This program is key to two of the five strategies of the City's Climate Action Plan: energy efficient buildings and clean and renewable energy.
- One of the by-products of the wastewater treatment process is methane gas, which is collected at the Point Loma Wastewater Treatment Plant. The methane fuels two continuously running generators that can each produce up to 2,235 kilowatts of electricity. Using the methane produced on site, the Point Loma plant has not only become energy self-sufficient, it is also able to put excess power it generates to the utility energy grid and receive credits on other Public Utilities selected facilities energy bills. Thermal energy produced by the generators is used to heat the plant’s digesters. In addition, through a public-private partnership excess digester gas from the plant is treated to natural gas standard and injected into utility natural gas pipeline for other use. This was the first biogas cleaning and injecting project into utility pipeline in the state of California.
- Methane is also a by-product produced in the digesters at the Metropolitan Biosolids Center. Through public-private partnership, methane produced by the digesters and from the adjacent Miramar Landfill is converted to electricity, which is used to run the facility. Thermal energy produced by the generators is used to heat the plant and its digesters. On average, the Metropolitan Biosolids Center can produce 6,400 kilowatts through cogeneration and uses about 50% of that for its operations.
- A similar facility at the North City Water Reclamation Plant uses methane piped from the Miramar Landfill. On average, the North City plant produces approximately 5,000 kilowatts and uses more than 75% of that for its operations. Excess power produced is put on to the electrical grid for monetary credits on utility bills at other facilities.
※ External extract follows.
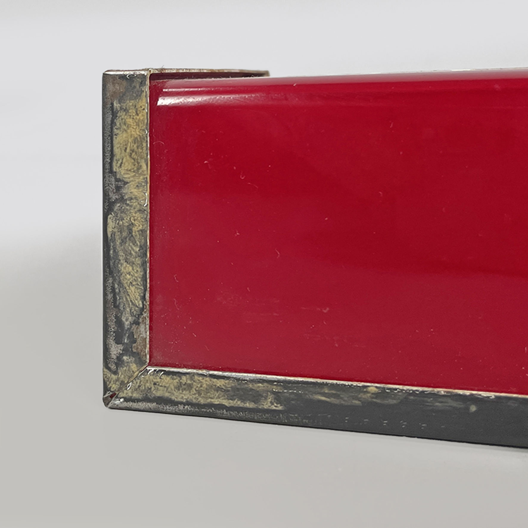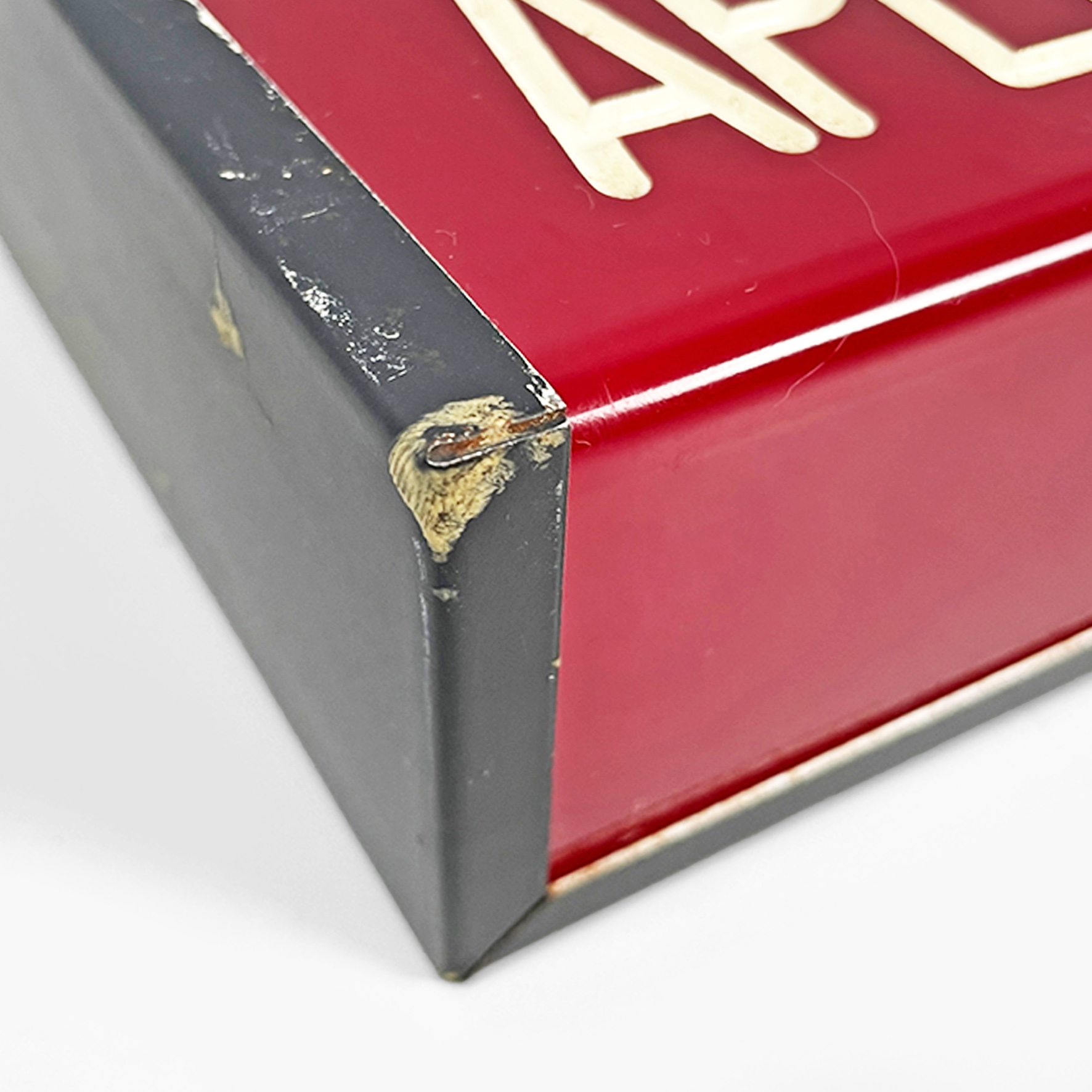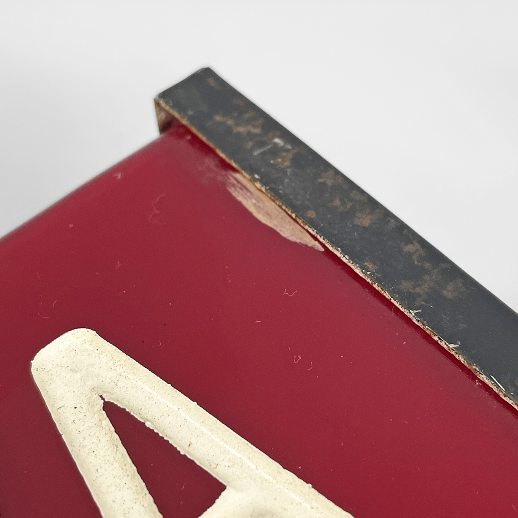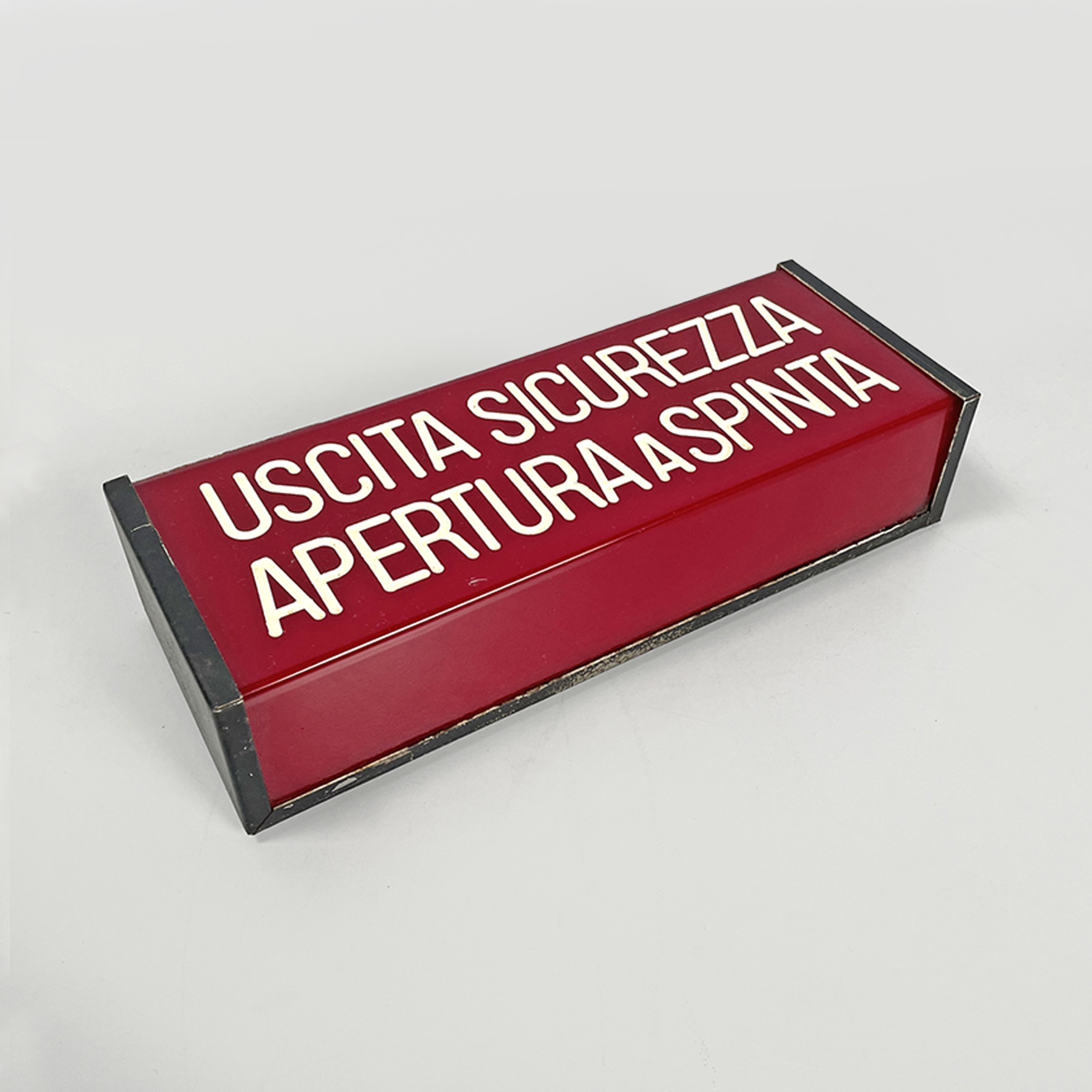 Rectangular cinema or theater sign. The front structure is made of red plastic with engraved white writing bearing the words “Uscita Sicurezza Apertura a Spinta”. The back is made of black painted metal.

Photovoltaic solar power systems are connected to several Public Utilities facilities, including:
- Alvarado Water Treatment Plant, with a 950 kilowatts privatized system producing 1.45 million kilowatt-hours annually;
- Bayview Reservoir and Water Pump Station, with a 160 kilowatt (AC) system producing 308,000 kilowatt-hours annually;
- Metropolitan Operations Center III, with a 30 kilowatt (AC) rooftop system producing 46,000 kilowatt-hours annually;
- Metropolitan Operations Center IV Carport Solar, with a 394 kilowatt (AC) system producing 553,000 kilowatt-hours annually;
- Otay Water Treatment Plant, with an 800 kilowatt (AC) system producing 1.5 million kilowatt-hours annually.
These solar panels convert sunlight to electricity and help provide the facilities’ energy needs.